Example 1 This example is a collection of the methods applied to illustrate the present invention a. Classification of lambda-negative plasma blasts from donor blood Peripheral blood mononuclear cells (PBMC) were isolated from blood taken from donors using Lymphoprep (Axis Shield) and gradient centrifugation according to the manufacturer's instructions. The isolated PBMC were either cryopreserved in FCS; 10% DMSO at -150 ° C or used directly. The B cell fraction was labeled with an anti-CDl9 antibody and isolated from the PBMC fraction using magnetic cell sorting (MACS). PBMC (lxlO6 cells) were incubated with an anti-CDl9-FITC conjugated antibody (BD Pharmingen) for 20 minutes at 4 ° C. Cells were washed twice and resuspended in pH MACs ringer (Miltenyl Bistec). Anti-FITC MicroBeads (Mifcenyl Bistec) were mixed with the labeled cells and incubated for 15 minutes at 4 ° C. The washing procedure was repeated before the suspension of cell spheres was applied to a LS MACS column (Miltenyl Bistec). The fraction of CD19 positive cells was eluted from the column according to the manufacturer's instructions and stored either in FCS-10% DMSO, or directly categorized by individual cells.

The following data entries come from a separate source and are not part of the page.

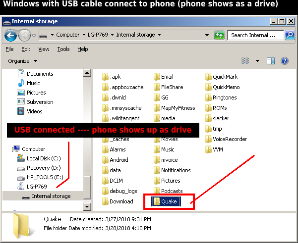 1. VIEWING QUAKE FOLDER LOCATION ON WINDOWS PC WITH USB CORD TO PHONE
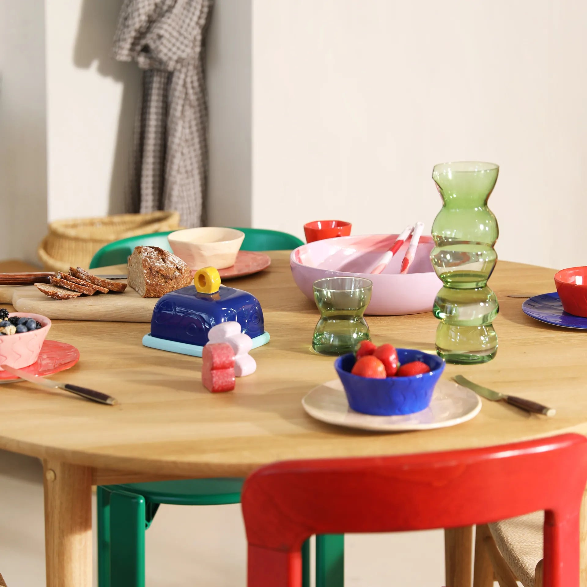 Dress up your dinner table with this chunky butter dish! Contrasting colors and abstract shapes. The butter dish will keep your fresh butter cool, while adding that artistic feel to your table.
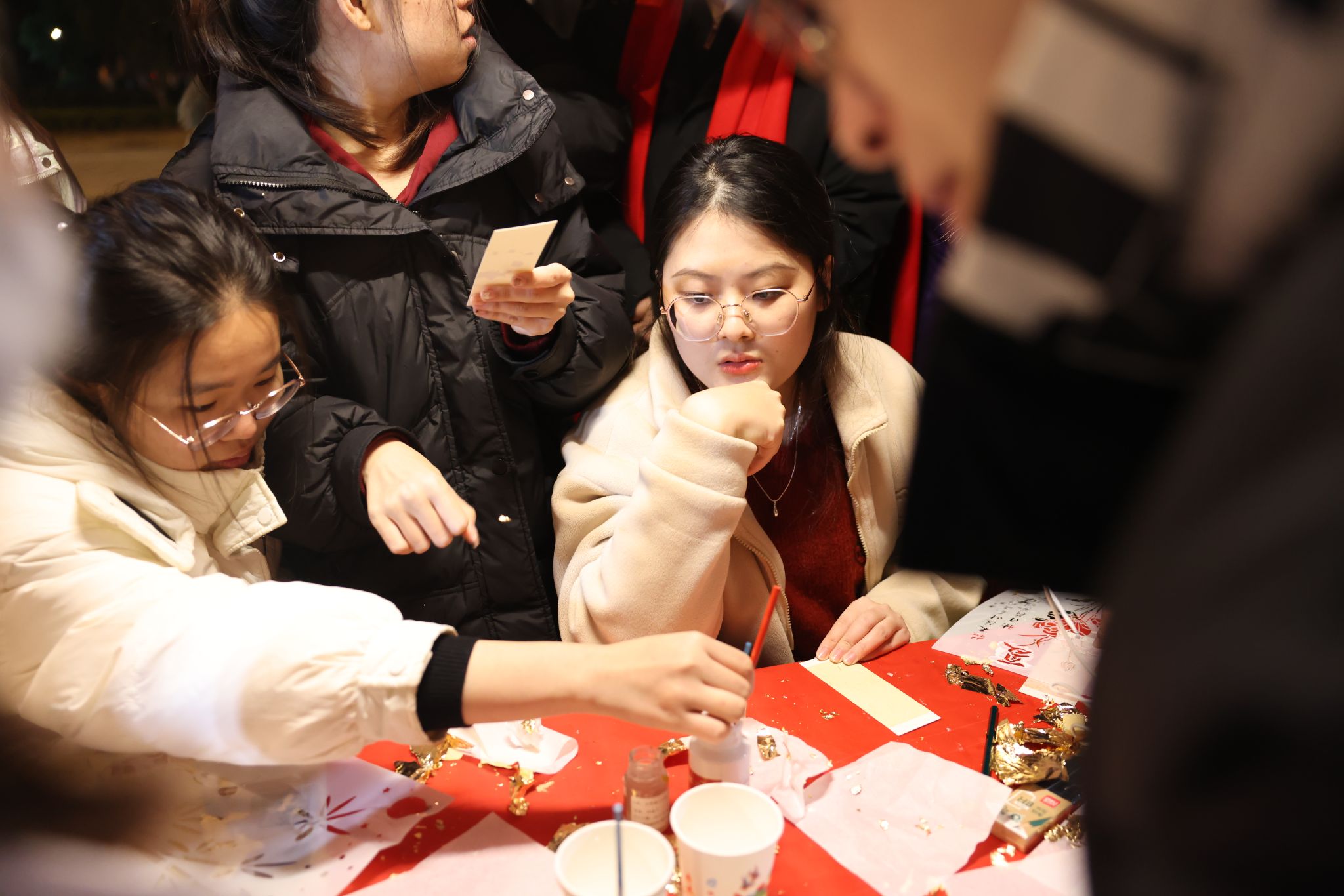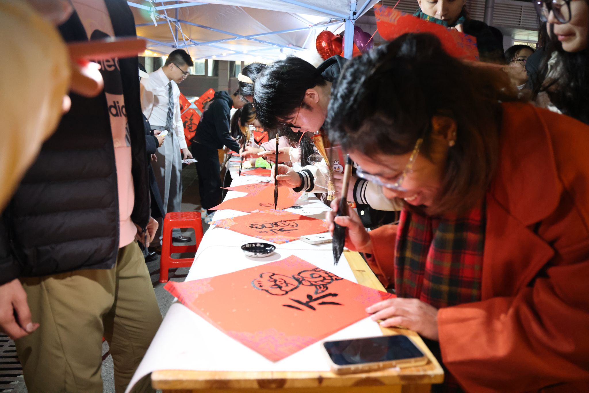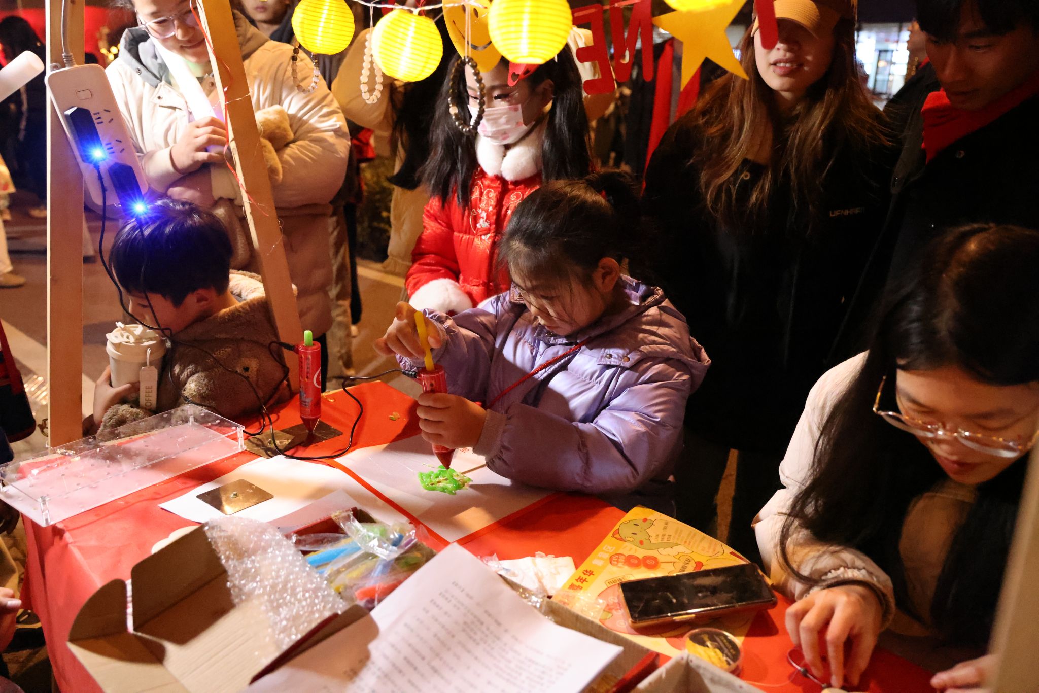 在南望山校區弘毅路上,來自16個學院的50個攤位盛情開啟,精彩連連,“福韻年俗街”“瑞物盈門集”“笑語文娛廊”“樂趣體驗坊”“智趣學海園”五大板塊各具特色,給師生帶來豐富的新年活動體驗。福韻年俗街上,靈韻笛簫社樂聲悠揚,傳遞著濃濃的年味;在面部彩繪攤位前,人潮涌動,畫師正精心為游客繪制圖案,分享著新年的祝福。藝媒學院“接歌大王”活動、公共管理學院“吹墨畫”活動和資源學院“制作漆扇”活動別具特色。海洋學院“沙畫繪制”、地球科學學院“地質接接樂”吸引了師生們駐足參與,機電學院“機械臂與機器狗”展示逗趣可愛。
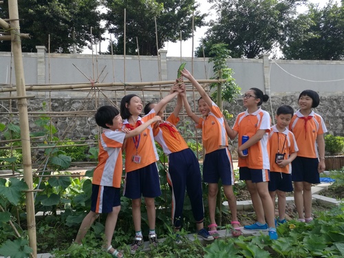 去年龙美小学从广东省青少年科技中心获得了十几枚珍贵的太空黄瓜种子,由于场地问题,到至今4月11日才进行了育种,4月20日进行定植,全部成活,经过一个多月的精心培育,尽管经历了广州今年初夏的雷雨大风、阴雨连连等极端恶劣天气,太空黄瓜还是茁壮成长,目前已经收成了黄瓜三十多个。

The plasma blasts were selected from the fraction of CD19 + B cells by fluorescence activated cell sorting (FACS) based on the expression profile of cell surface proteins CD19, CD38 and CD45. CD19 is a B-cell marker that is also expressed in plasma cell precursors, whereas CD38 is highly expressed in plasma blasts and plasma cells. The plasma blasts apparently have a slightly lower expression of CD19 and CD45 than the rest of the CD19 + cells, which allows the separation of an individual population. The cells were washed in pH regulator FACS (PBS, 1% BSA) and stained for 20 minutes with anti-CD19-FITC, anti-CD38-APC, anti-Lambda-PE (BD Pharmingen). Lambda light chain staining was included to allow the exclusion of cells that can not serve as a template for PCR (see section C). The stained cells were washed and resuspended in pH regulator FACS. The flow velocity of the cells during the FACS was adjusted to approximately 200 events / second and the cell concentration was 5x105 / ml to obtain a high plasma cell rescue. The next set of doors was used. Each door is a daughter of the previous one. Door 1: FSC / SSC door. The population of lymphocytes that had 1 highest FSC was selected, thus ensuring classification of living cells.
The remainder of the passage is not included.